◆ Task objective
Return the entries verbatim and drop every picture.

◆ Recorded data
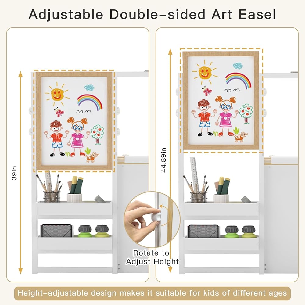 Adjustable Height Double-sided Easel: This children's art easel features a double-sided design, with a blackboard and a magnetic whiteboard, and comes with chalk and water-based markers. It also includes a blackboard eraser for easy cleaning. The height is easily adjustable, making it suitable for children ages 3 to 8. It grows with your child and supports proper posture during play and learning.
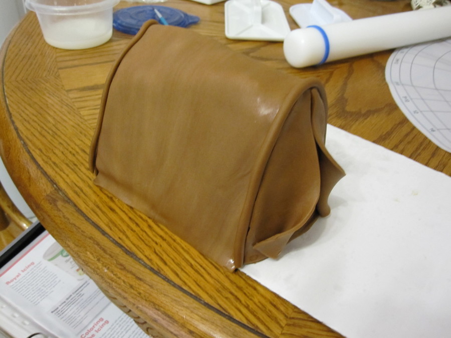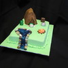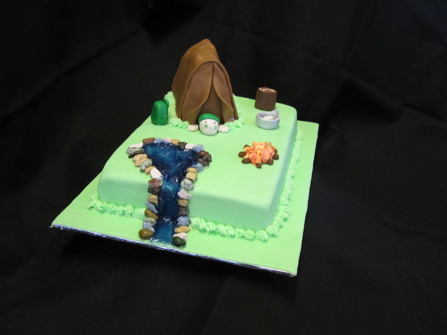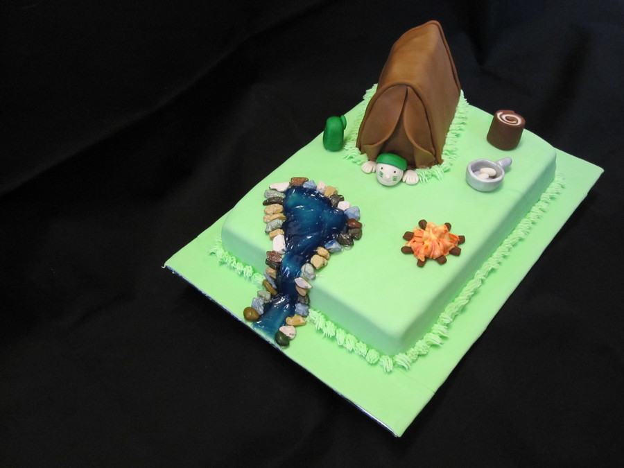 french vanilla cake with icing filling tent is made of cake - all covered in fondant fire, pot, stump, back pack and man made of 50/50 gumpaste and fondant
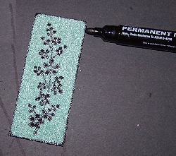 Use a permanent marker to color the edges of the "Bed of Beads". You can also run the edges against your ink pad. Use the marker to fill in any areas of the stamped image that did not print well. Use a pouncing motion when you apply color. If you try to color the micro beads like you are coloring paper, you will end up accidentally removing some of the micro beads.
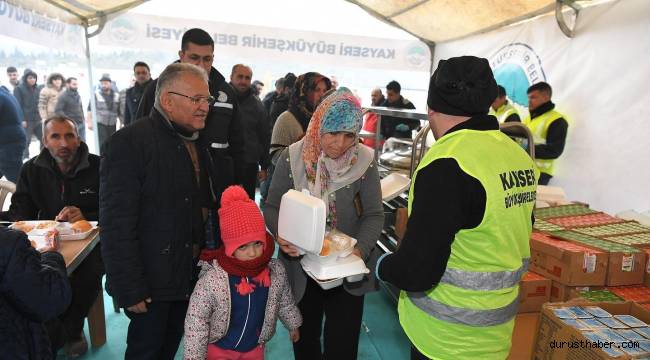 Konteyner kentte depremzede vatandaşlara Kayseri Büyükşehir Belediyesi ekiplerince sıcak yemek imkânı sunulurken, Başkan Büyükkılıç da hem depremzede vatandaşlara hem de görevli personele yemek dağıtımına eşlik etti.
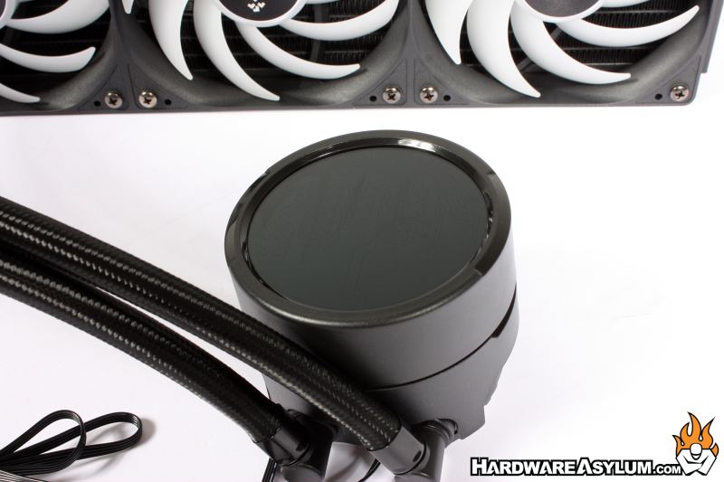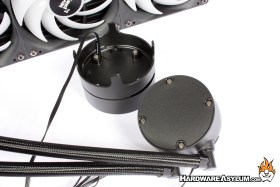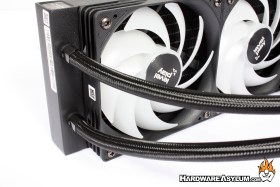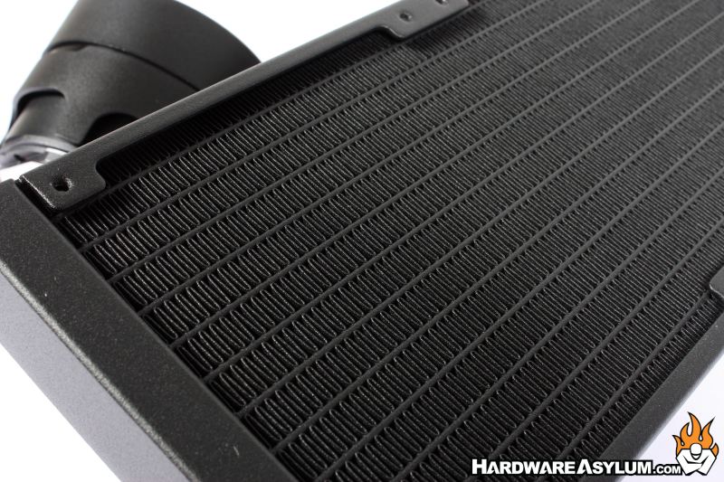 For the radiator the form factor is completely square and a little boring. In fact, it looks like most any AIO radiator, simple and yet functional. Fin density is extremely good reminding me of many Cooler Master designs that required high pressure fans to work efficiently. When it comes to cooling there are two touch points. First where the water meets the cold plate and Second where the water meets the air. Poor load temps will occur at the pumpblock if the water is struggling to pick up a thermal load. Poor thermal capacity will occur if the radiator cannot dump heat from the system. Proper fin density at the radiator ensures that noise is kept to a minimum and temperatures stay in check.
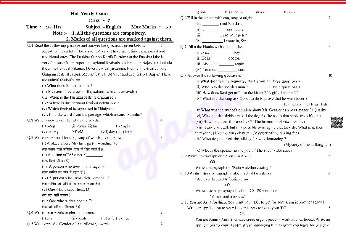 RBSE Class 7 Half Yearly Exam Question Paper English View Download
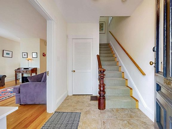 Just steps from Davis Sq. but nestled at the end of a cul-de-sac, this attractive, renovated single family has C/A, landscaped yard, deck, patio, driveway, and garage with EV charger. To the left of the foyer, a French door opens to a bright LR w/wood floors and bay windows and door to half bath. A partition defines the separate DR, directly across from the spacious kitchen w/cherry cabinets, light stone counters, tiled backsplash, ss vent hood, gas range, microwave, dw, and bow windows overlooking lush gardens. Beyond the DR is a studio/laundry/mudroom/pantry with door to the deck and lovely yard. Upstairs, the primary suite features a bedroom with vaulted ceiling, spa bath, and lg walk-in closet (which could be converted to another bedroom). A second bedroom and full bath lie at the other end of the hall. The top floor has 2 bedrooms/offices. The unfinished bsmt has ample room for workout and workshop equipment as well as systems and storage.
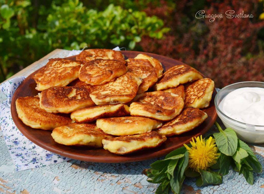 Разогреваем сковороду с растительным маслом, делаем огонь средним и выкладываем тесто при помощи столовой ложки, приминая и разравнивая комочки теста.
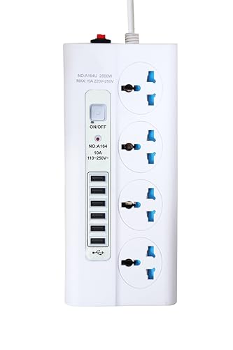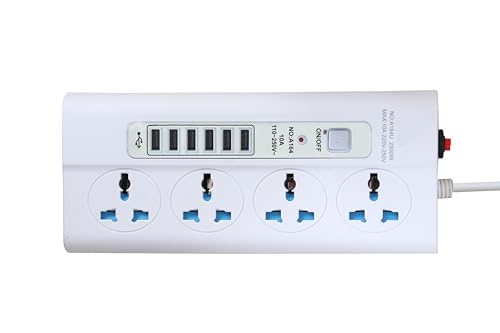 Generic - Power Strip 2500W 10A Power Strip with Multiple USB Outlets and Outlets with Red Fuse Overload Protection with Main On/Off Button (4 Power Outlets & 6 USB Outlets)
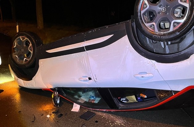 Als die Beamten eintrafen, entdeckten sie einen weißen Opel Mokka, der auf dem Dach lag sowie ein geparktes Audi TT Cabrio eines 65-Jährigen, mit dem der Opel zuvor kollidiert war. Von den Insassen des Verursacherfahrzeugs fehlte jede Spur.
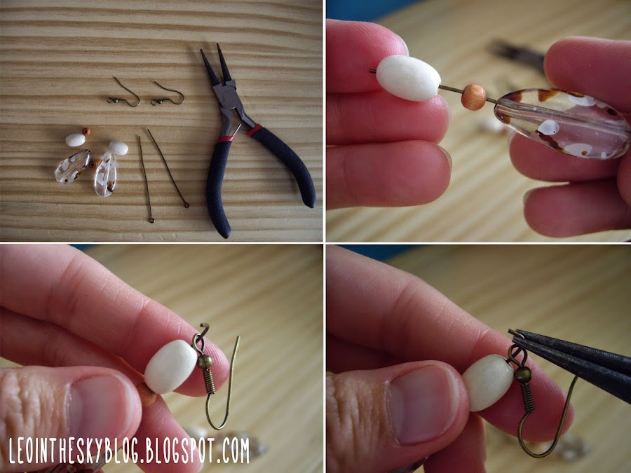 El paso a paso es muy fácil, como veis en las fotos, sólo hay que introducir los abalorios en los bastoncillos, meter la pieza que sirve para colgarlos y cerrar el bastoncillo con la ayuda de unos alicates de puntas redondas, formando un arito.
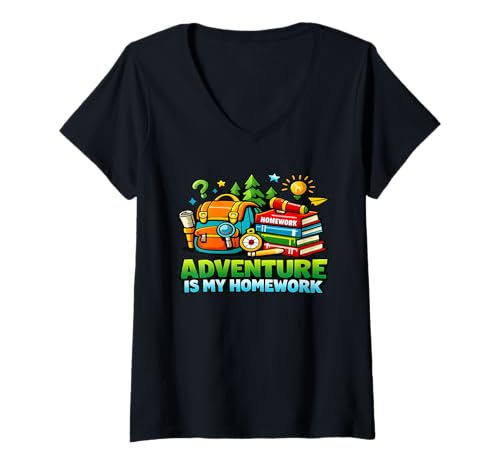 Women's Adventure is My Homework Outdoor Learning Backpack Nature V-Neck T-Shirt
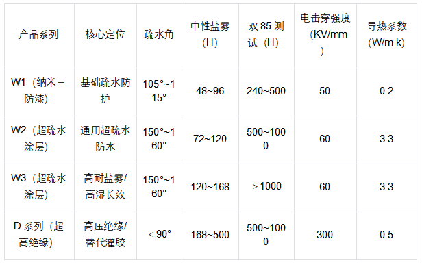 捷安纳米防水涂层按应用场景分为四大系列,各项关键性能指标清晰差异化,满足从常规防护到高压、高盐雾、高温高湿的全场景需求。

◆ Solved exercise
 Adjustable Height Double-sided Easel: This children's art easel features a double-sided design, with a blackboard and a magnetic whiteboard, and comes with chalk and water-based markers. It also includes a blackboard eraser for easy cleaning. The height is easily adjustable, making it suitable for children ages 3 to 8. It grows with your child and supports proper posture during play and learning.
 french vanilla cake with icing filling tent is made of cake - all covered in fondant fire, pot, stump, back pack and man made of 50/50 gumpaste and fondant
 Use a permanent marker to color the edges of the "Bed of Beads". You can also run the edges against your ink pad. Use the marker to fill in any areas of the stamped image that did not print well. Use a pouncing motion when you apply color. If you try to color the micro beads like you are coloring paper, you will end up accidentally removing some of the micro beads.
 Konteyner kentte depremzede vatandaşlara Kayseri Büyükşehir Belediyesi ekiplerince sıcak yemek imkânı sunulurken, Başkan Büyükkılıç da hem depremzede vatandaşlara hem de görevli personele yemek dağıtımına eşlik etti.
 For the radiator the form factor is completely square and a little boring. In fact, it looks like most any AIO radiator, simple and yet functional. Fin density is extremely good reminding me of many Cooler Master designs that required high pressure fans to work efficiently. When it comes to cooling there are two touch points. First where the water meets the cold plate and Second where the water meets the air. Poor load temps will occur at the pumpblock if the water is struggling to pick up a thermal load. Poor thermal capacity will occur if the radiator cannot dump heat from the system. Proper fin density at the radiator ensures that noise is kept to a minimum and temperatures stay in check.
 RBSE Class 7 Half Yearly Exam Question Paper English View Download
 Just steps from Davis Sq. but nestled at the end of a cul-de-sac, this attractive, renovated single family has C/A, landscaped yard, deck, patio, driveway, and garage with EV charger. To the left of the foyer, a French door opens to a bright LR w/wood floors and bay windows and door to half bath. A partition defines the separate DR, directly across from the spacious kitchen w/cherry cabinets, light stone counters, tiled backsplash, ss vent hood, gas range, microwave, dw, and bow windows overlooking lush gardens. Beyond the DR is a studio/laundry/mudroom/pantry with door to the deck and lovely yard. Upstairs, the primary suite features a bedroom with vaulted ceiling, spa bath, and lg walk-in closet (which could be converted to another bedroom). A second bedroom and full bath lie at the other end of the hall. The top floor has 2 bedrooms/offices. The unfinished bsmt has ample room for workout and workshop equipment as well as systems and storage.
 Разогреваем сковороду с растительным маслом, делаем огонь средним и выкладываем тесто при помощи столовой ложки, приминая и разравнивая комочки теста.
 Generic - Power Strip 2500W 10A Power Strip with Multiple USB Outlets and Outlets with Red Fuse Overload Protection with Main On/Off Button (4 Power Outlets & 6 USB Outlets)
 Als die Beamten eintrafen, entdeckten sie einen weißen Opel Mokka, der auf dem Dach lag sowie ein geparktes Audi TT Cabrio eines 65-Jährigen, mit dem der Opel zuvor kollidiert war. Von den Insassen des Verursacherfahrzeugs fehlte jede Spur.
 El paso a paso es muy fácil, como veis en las fotos, sólo hay que introducir los abalorios en los bastoncillos, meter la pieza que sirve para colgarlos y cerrar el bastoncillo con la ayuda de unos alicates de puntas redondas, formando un arito.
 Women's Adventure is My Homework Outdoor Learning Backpack Nature V-Neck T-Shirt
 捷安纳米防水涂层按应用场景分为四大系列,各项关键性能指标清晰差异化,满足从常规防护到高压、高盐雾、高温高湿的全场景需求。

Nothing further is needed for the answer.